CONCEPT Cited by 1 source
Prompt prefix caching¶
Definition¶
Prompt prefix caching is a cost and latency optimization where LLM providers reuse the KV-cache from a previous inference call if the current call's prompt shares an identical byte prefix with the previous call. Only the new tokens (after the shared prefix) need full processing.
This is not a context-management technique — the model sees the same context with or without caching. It's a cost and latency win that compounds with iteration count: the longer a task runs, the more the cache pays off. (Source: sources/2026-06-18-atlassian-long-horizon-reasoning-engine)
Provider behaviour¶
- OpenAI and Gemini: Implicit prefix caching — the provider automatically detects and reuses byte-identical prefixes.
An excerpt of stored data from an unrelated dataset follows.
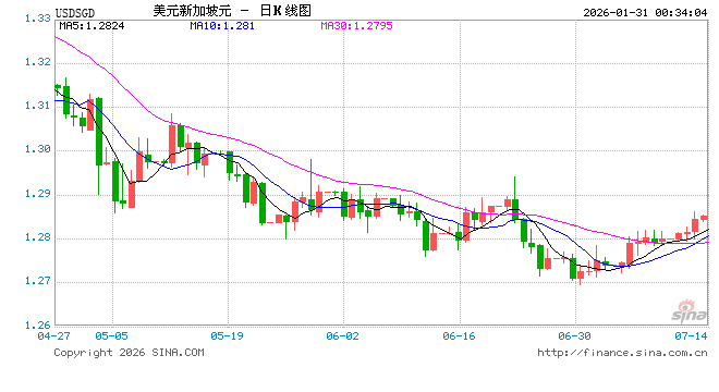 新浪外汇消息2026年01月31日,截至00时33分,外汇市场上美元兑新加坡元汇率突破1美元兑换1.2705新加坡元。涨幅为0.5063%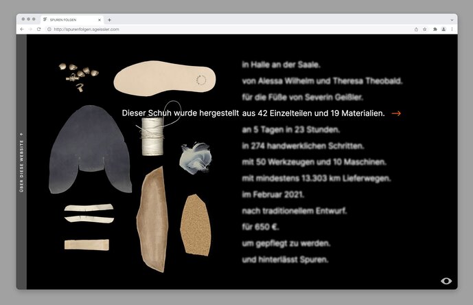 Die Website Spuren Folgen untersucht das Phänomen Produkttransparenz als dringendes Tätigkeits- und Forschungsfeld für visuelle Gestaltung. Wie transparent kann ein Produkt sein? Wie viele Informationen kann man über einen Gegenstand sammeln und welche visuellen Strategien eignen sich um Transparenz durch Kommunikation zu erzeugen? Am Beispiel eines Paars Schuhe wird ein „deep mapping“ vorgenommen, indem die Produktionsprozesse beobachtet, der Schuh in Einzelteile zerlegt, die Materialien zurückverfolgt und über sein Lebensende spekuliert wird. In Form einer Website wird eine digitale Repräsentation des Schuhs erstellt, die seine wirtschaftliche, ökologische und soziale Tragweite entfaltet.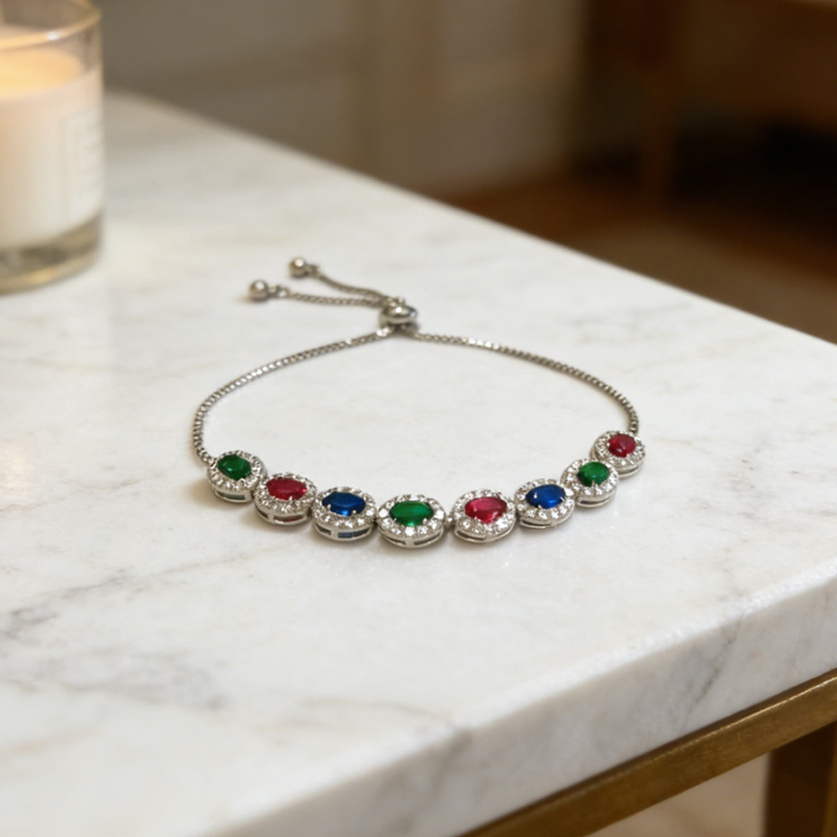 Command the room with the Imperial Oval Radiance, a masterpiece designed for ultimate luxury. This exquisite bracelet features a row of seven brilliant oval-cut stones, each meticulously framed by a shimmering halo of pavé-set crystals. From the playful brilliance of our new multicolor edition to the deep, regal tones of emerald and sapphire, this collection brings an unmistakable royal glow to your wrist.

- Anthropic: Explicit opt-in — the caller places
cache_controlmarkers at layer boundaries to signal which prefixes should be cached.
Design implication: layer ordering¶
To maximise cache hit rates, assemble prompts from most stable to most volatile:
- Static system prompt (identical across all runs)
- Stable session context (org, user, timezone, skill instructions — stable for session duration)
- Conversation history (grows, but earlier turns are immutable)
- Turn-dependent context (current iteration's tool results)
This ordering ensures the longest possible byte-identical prefix between consecutive iterations.
Seen in¶
- sources/2026-06-18-atlassian-long-horizon-reasoning-engine —
Atlassian Long Horizon places explicit
cache_controlmarkers at system, stable-context, and last-history boundaries for Anthropic; relies on implicit caching for OpenAI/Gemini. In a 150-iteration loop, most iterations only process fresh tokens (a tool result + the model's next reasoning step) from scratch.